What is needed
In the listing below, locate the line with "目前國(guó)內(nèi)" and the line with "三協アルミ エアリーナ2 片開きタイプ", then output both and everything between them exactly, minus any pictures.

Available data

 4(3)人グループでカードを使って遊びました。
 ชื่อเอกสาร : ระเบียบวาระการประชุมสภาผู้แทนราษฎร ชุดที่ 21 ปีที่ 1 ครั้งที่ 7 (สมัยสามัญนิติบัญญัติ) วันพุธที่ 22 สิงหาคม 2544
---
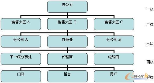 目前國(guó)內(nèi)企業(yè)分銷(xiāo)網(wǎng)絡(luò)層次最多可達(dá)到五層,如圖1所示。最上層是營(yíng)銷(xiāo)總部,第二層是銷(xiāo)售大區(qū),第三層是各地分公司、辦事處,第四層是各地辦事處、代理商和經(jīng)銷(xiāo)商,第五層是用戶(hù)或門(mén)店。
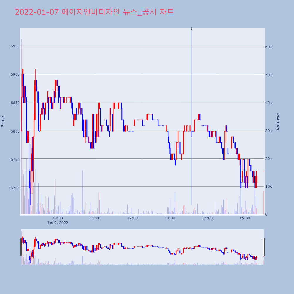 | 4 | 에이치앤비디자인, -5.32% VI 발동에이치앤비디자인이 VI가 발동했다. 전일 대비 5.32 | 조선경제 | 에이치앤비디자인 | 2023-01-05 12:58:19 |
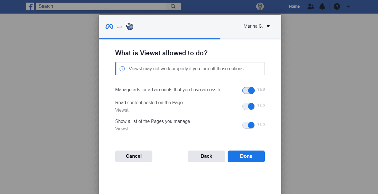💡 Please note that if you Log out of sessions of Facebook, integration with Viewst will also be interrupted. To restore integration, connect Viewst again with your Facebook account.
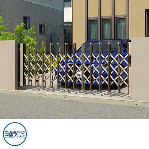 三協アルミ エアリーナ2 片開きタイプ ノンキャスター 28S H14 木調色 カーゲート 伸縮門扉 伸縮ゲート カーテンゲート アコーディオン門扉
--
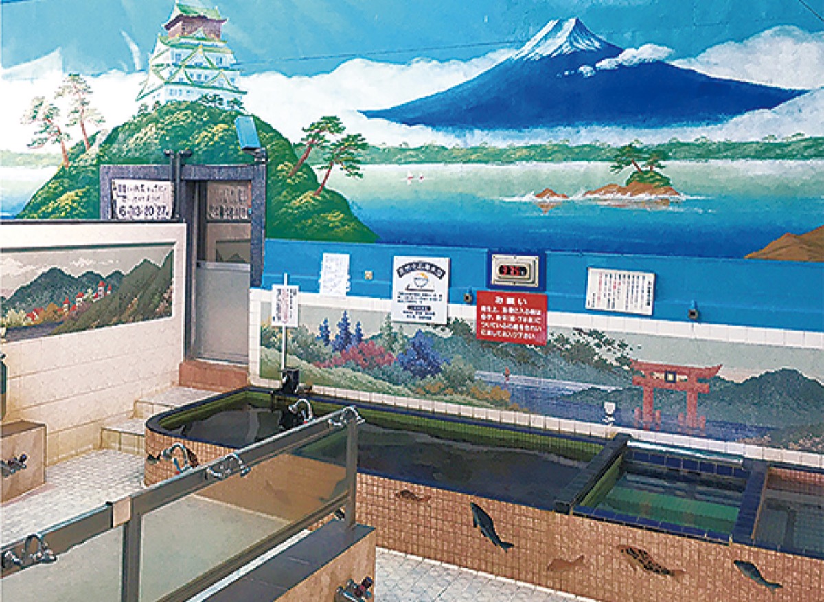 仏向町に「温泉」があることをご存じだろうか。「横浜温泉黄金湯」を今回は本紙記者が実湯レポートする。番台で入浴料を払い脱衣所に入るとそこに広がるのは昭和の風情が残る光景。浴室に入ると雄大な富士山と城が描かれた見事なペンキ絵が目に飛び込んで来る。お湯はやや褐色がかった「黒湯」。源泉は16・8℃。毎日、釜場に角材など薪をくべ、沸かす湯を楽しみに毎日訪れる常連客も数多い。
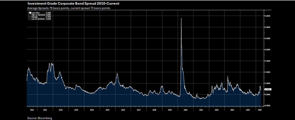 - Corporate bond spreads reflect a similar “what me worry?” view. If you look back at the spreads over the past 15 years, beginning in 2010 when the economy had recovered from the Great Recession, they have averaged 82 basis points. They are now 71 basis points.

Answer to this problem
 目前國(guó)內(nèi)企業(yè)分銷(xiāo)網(wǎng)絡(luò)層次最多可達(dá)到五層,如圖1所示。最上層是營(yíng)銷(xiāo)總部,第二層是銷(xiāo)售大區(qū),第三層是各地分公司、辦事處,第四層是各地辦事處、代理商和經(jīng)銷(xiāo)商,第五層是用戶(hù)或門(mén)店。
 | 4 | 에이치앤비디자인, -5.32% VI 발동에이치앤비디자인이 VI가 발동했다. 전일 대비 5.32 | 조선경제 | 에이치앤비디자인 | 2023-01-05 12:58:19 |
💡 Please note that if you Log out of sessions of Facebook, integration with Viewst will also be interrupted. To restore integration, connect Viewst again with your Facebook account.
 三協アルミ エアリーナ2 片開きタイプ ノンキャスター 28S H14 木調色 カーゲート 伸縮門扉 伸縮ゲート カーテンゲート アコーディオン門扉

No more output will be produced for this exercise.